Atlassian has published a blog post in which CTO Sri Viswanath explains in detail the reasons why the provider’s cloud tools were down for some of their customers. In addition to the already known issues running the script, internal communication issues are said to have been to blame. The seemingly complex recovery process is also described, and provides an initial explanation as to why the process could take another two weeks, as announced.
Failed to delete old standalone instances
The bug arose as a result of the now-native integration of Jira’s “Insight – Asset Management” service into the manufacturer’s products. As part of the conversion process, the intention was to disable legacy standalone versions of “Insight” that were still installed, Atlassian explains in the blog post.

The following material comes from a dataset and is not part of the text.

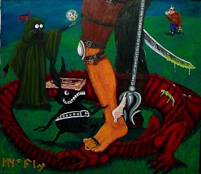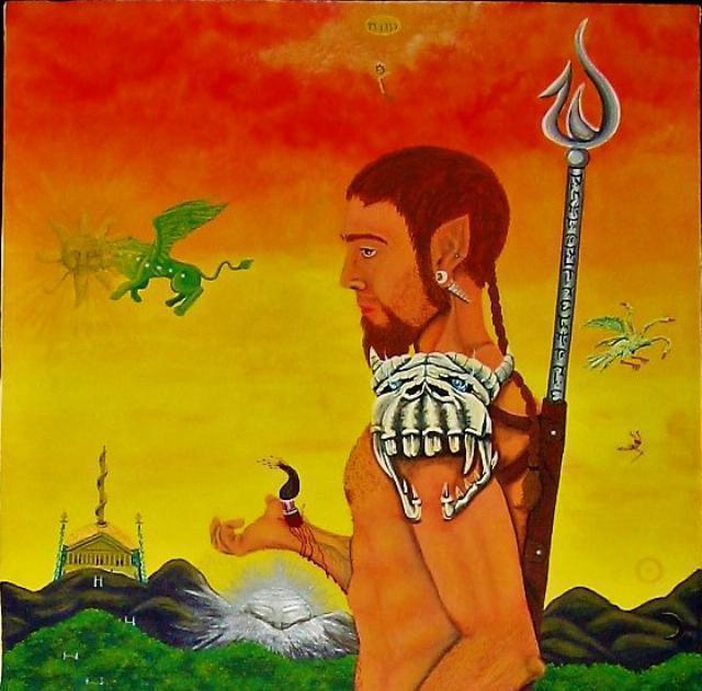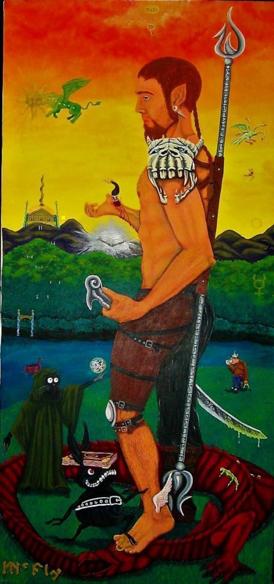 Auto retrato. Atravesando las puertas de la percepción, Autoretrato de acrílico sobre lienzo 179cm x 70 cm. 2007Esta pintura es la continuación del “Viaje astral” (la primera edición). Acá hay un mejor manejo a nivel técnico en los personajes y el simbolismo de la gnosis. Este trabajo fue dañado por un enemigo de la fé.

The team used a ready-made script for this. However, in the run-up to this, there was an internal communication error: the team that was supposed to carry out the deactivation received incorrect information from the team that planned the process. Instead of just the IDs of the affected Insight instances, the IDs of all cloud instances on which the standalone application was installed were passed.
In addition, the script used was not suitable for use: in addition to a “mark for deletion” function (“mark for deletion”), which allows to restore deleted data, it also has a “permanently delete” function (“Permanently delete “), which you really only need to meet compliance rules. However, when the script was run, the last mode was executed and the data for 400 clients was permanently deleted.

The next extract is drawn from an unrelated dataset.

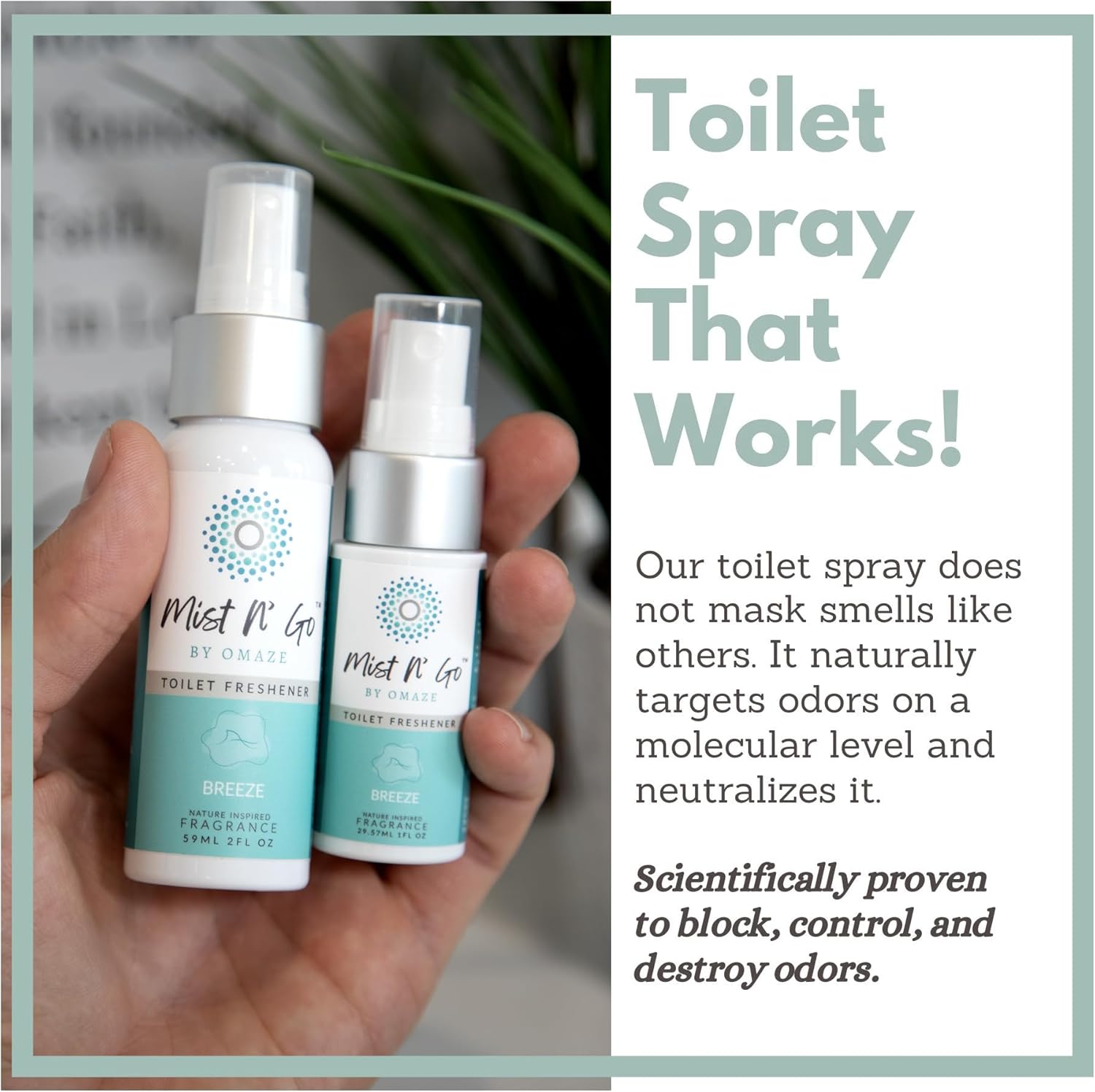 Mist N’ Go by Omaze Travel Bathroom Spray for Toilet Spray Odor Eliminator - Travel Toilet Spray for Bathroom Air Freshener Spray for Bathroom Deodorizer - Breeze Travel Size (1oz x1)

Elaborate recovery process
Management data backups are maintained across multiple AWS Availability Zones. In the past, these backups only had to be used to restore individual data points, for example if customers themselves had accidentally deleted their data. The process had not previously been designed to restore multiple data sets at once.
The recovery process is also complex and requires, among other things, 1-on-1 communication with those affected, so the recovery of individual accounts takes up to five days. In the meantime, however, the company wants to have further automated the time-consuming manual process and be able to process up to 60 cases in parallel.
The incident has ‘undermined confidence’
However, the incident and the company’s reaction time do not meet their own requirements, CTO Sri Viswanath continued in the blopost: “We know that incidents like this can undermine trust.” That’s why they want to create another more detailed post-incident report, as well as work on external communication and provide daily status updates in the future.
As of Tuesday, some Atlassian customers no longer have access to the provider’s popular cloud tools like Jira and Confluence. On Tuesday, the company said outages for individual computers could last up to two weeks. As of April 13, the problem had only been fixed for 45 percent of those affected.